# [EXERCISE DIRECTIONS]
Copy the lines below exactly, starting at the one with "73 SKINS ⸱ LEWIS" and ending at the one with "Signed Hand Drawing", and leave out any picture.
»»
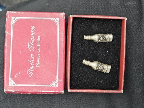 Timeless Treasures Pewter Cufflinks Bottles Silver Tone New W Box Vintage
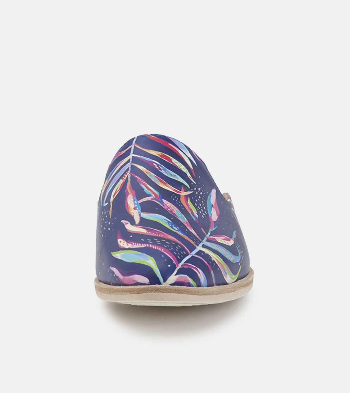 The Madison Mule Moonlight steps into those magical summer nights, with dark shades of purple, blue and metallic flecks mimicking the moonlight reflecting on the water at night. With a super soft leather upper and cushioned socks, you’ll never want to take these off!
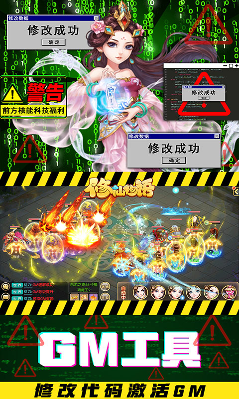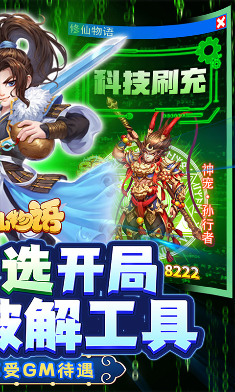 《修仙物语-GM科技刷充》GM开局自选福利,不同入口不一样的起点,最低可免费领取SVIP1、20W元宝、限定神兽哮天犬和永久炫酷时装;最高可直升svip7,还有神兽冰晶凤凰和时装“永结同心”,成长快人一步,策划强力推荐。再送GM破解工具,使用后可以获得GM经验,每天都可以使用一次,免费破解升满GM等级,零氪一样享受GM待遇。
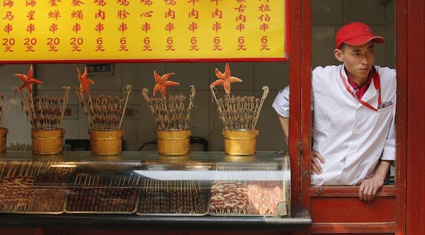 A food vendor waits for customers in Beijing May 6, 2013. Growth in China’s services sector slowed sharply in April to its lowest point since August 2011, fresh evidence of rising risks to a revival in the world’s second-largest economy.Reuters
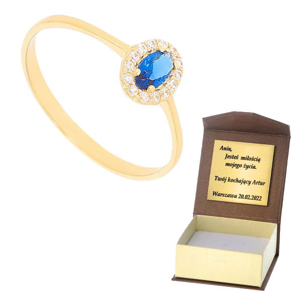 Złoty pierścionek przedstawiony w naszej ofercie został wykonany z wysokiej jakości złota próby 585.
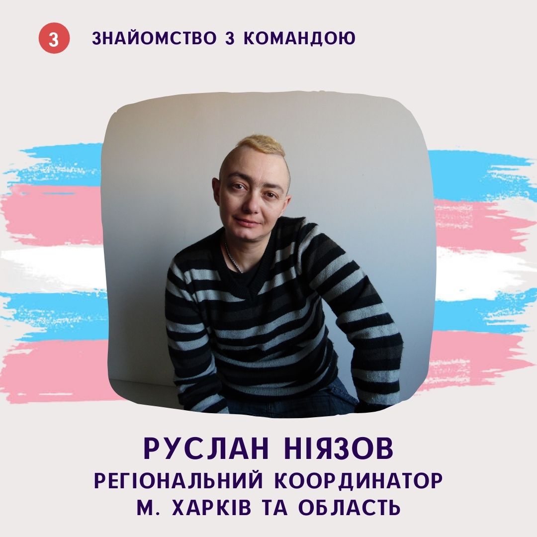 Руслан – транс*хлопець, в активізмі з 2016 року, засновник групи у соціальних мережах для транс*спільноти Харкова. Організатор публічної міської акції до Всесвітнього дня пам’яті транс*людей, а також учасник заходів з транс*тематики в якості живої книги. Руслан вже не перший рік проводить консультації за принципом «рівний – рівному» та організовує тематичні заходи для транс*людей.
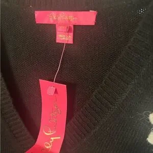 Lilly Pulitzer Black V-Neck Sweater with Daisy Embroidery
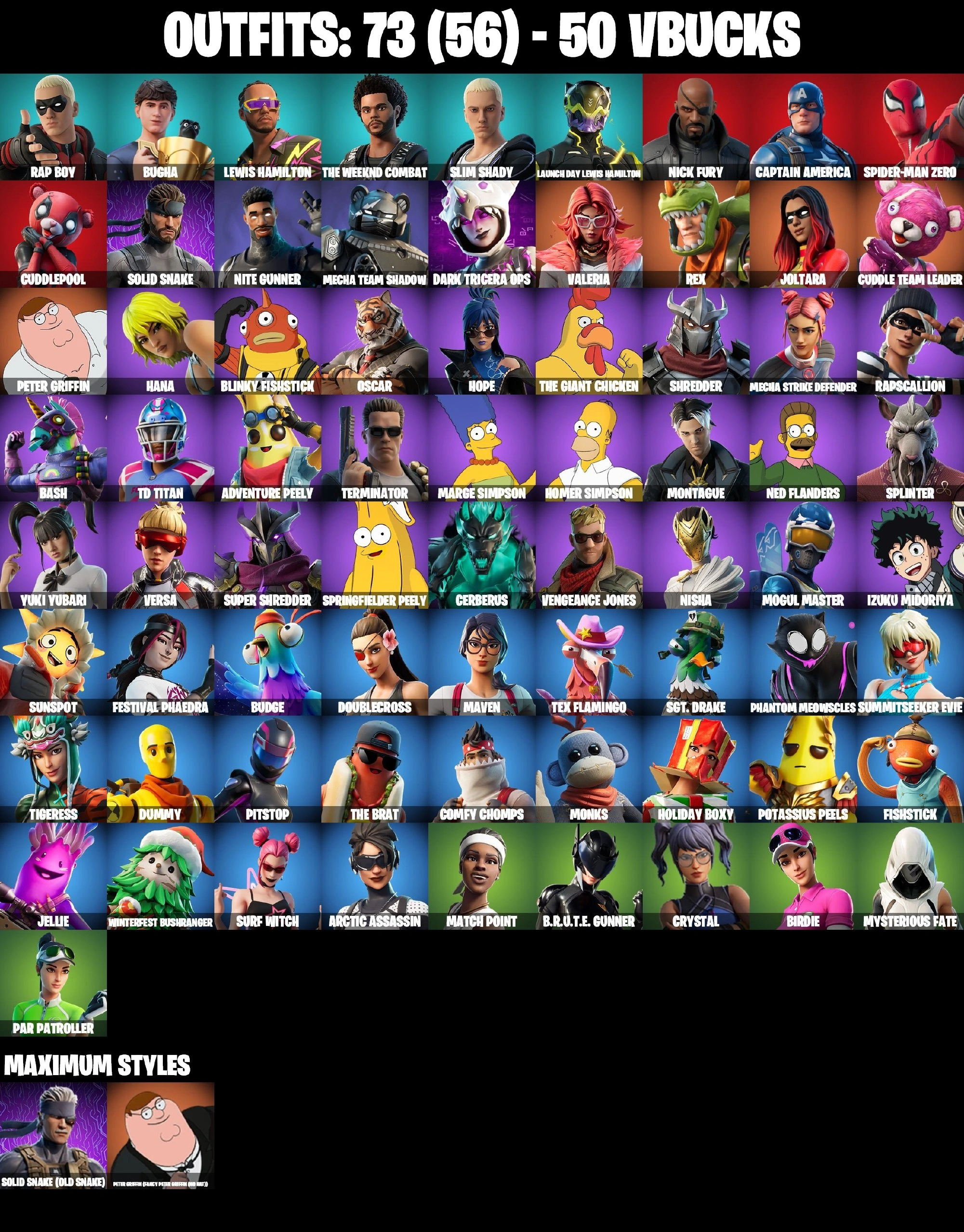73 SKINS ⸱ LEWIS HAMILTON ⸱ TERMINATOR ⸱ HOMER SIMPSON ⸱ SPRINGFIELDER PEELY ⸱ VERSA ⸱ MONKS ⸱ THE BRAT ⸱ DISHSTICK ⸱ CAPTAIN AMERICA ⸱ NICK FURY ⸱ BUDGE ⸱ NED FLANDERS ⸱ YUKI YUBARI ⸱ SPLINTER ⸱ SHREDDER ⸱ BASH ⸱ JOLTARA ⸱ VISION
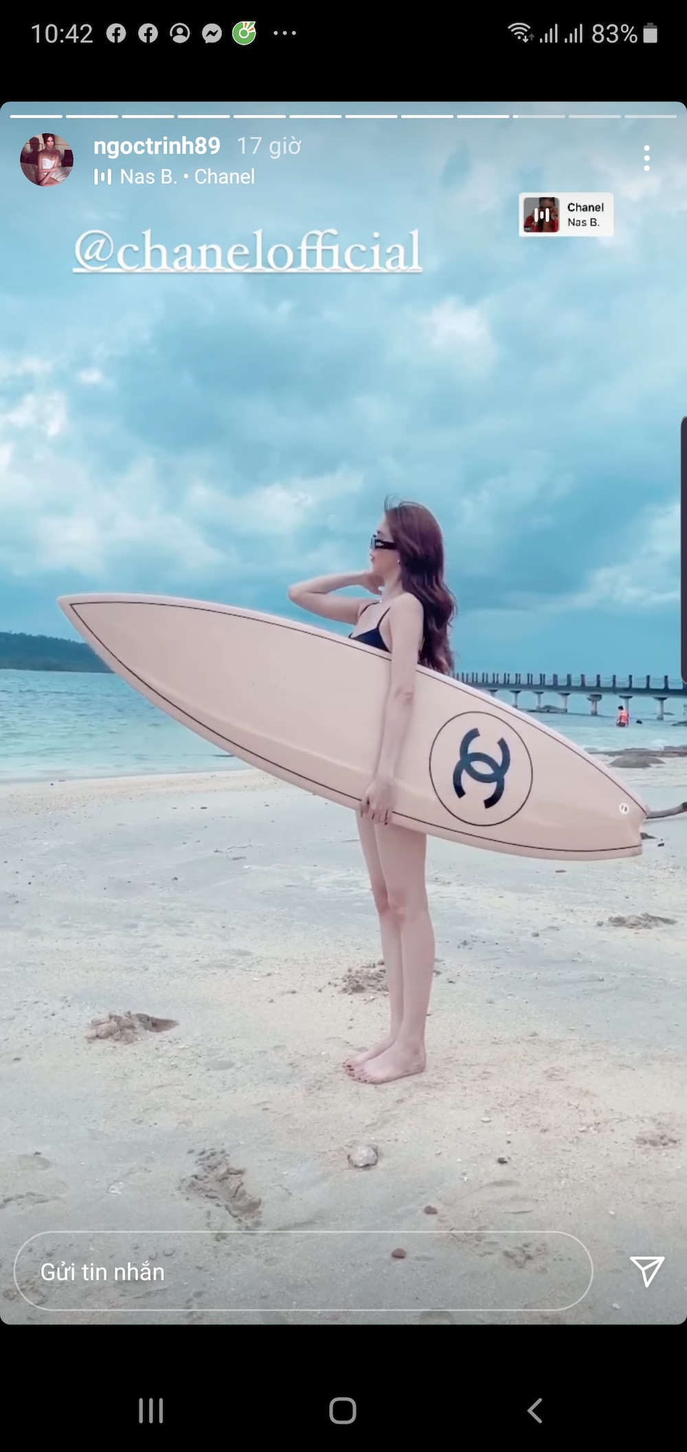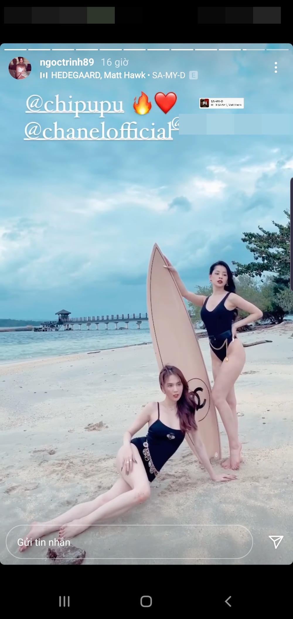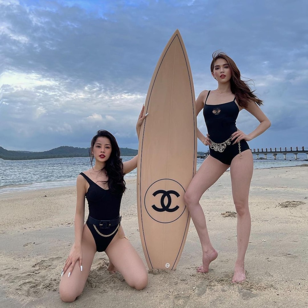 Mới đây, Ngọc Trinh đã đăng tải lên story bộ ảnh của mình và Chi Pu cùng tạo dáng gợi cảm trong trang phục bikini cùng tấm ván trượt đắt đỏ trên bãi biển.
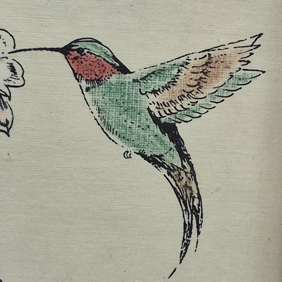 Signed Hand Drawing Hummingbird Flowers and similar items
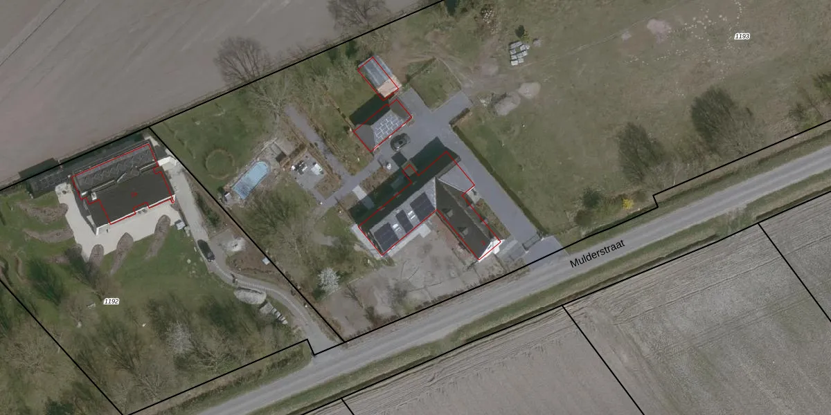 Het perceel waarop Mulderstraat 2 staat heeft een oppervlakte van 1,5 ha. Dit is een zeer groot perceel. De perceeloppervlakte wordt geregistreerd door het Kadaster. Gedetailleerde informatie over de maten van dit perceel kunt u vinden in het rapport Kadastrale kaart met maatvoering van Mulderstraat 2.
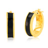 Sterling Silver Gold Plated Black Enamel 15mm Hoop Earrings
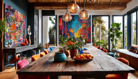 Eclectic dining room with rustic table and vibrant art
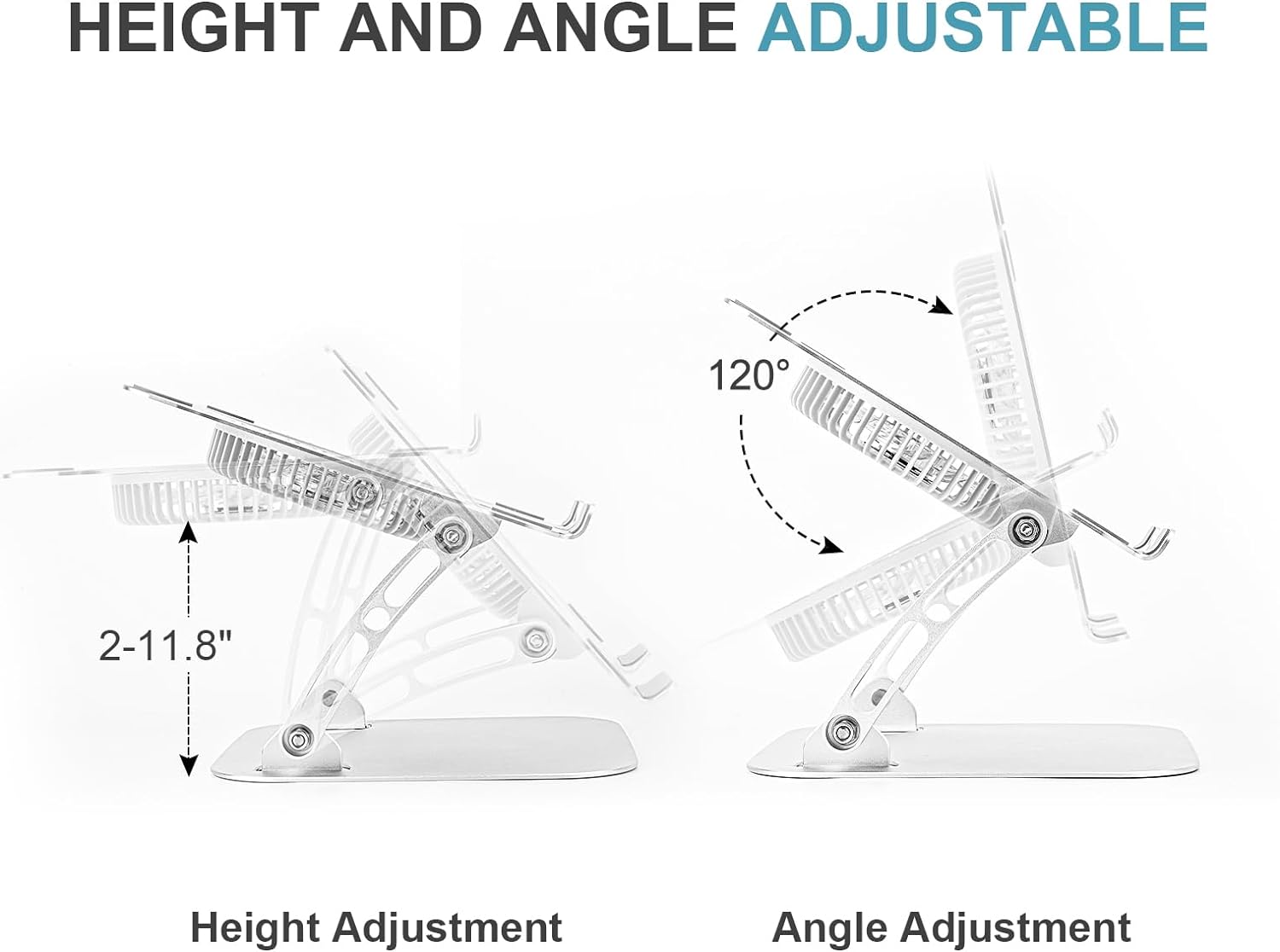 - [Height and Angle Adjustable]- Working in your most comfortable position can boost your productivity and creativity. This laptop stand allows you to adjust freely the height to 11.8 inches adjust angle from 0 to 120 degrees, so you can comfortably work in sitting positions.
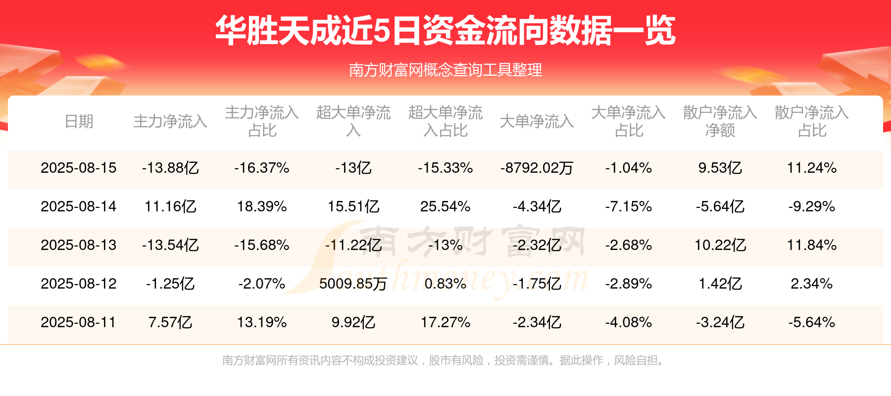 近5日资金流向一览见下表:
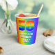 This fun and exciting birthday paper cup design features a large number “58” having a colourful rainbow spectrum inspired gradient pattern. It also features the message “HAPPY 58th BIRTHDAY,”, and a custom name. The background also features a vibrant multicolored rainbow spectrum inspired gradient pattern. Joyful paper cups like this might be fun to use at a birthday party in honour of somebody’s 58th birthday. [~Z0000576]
««
# [RESPONSE FOR THIS EXERCISE]
73 SKINS ⸱ LEWIS HAMILTON ⸱ TERMINATOR ⸱ HOMER SIMPSON ⸱ SPRINGFIELDER PEELY ⸱ VERSA ⸱ MONKS ⸱ THE BRAT ⸱ DISHSTICK ⸱ CAPTAIN AMERICA ⸱ NICK FURY ⸱ BUDGE ⸱ NED FLANDERS ⸱ YUKI YUBARI ⸱ SPLINTER ⸱ SHREDDER ⸱ BASH ⸱ JOLTARA ⸱ VISION
 Mới đây, Ngọc Trinh đã đăng tải lên story bộ ảnh của mình và Chi Pu cùng tạo dáng gợi cảm trong trang phục bikini cùng tấm ván trượt đắt đỏ trên bãi biển.
 Signed Hand Drawing Hummingbird Flowers and similar items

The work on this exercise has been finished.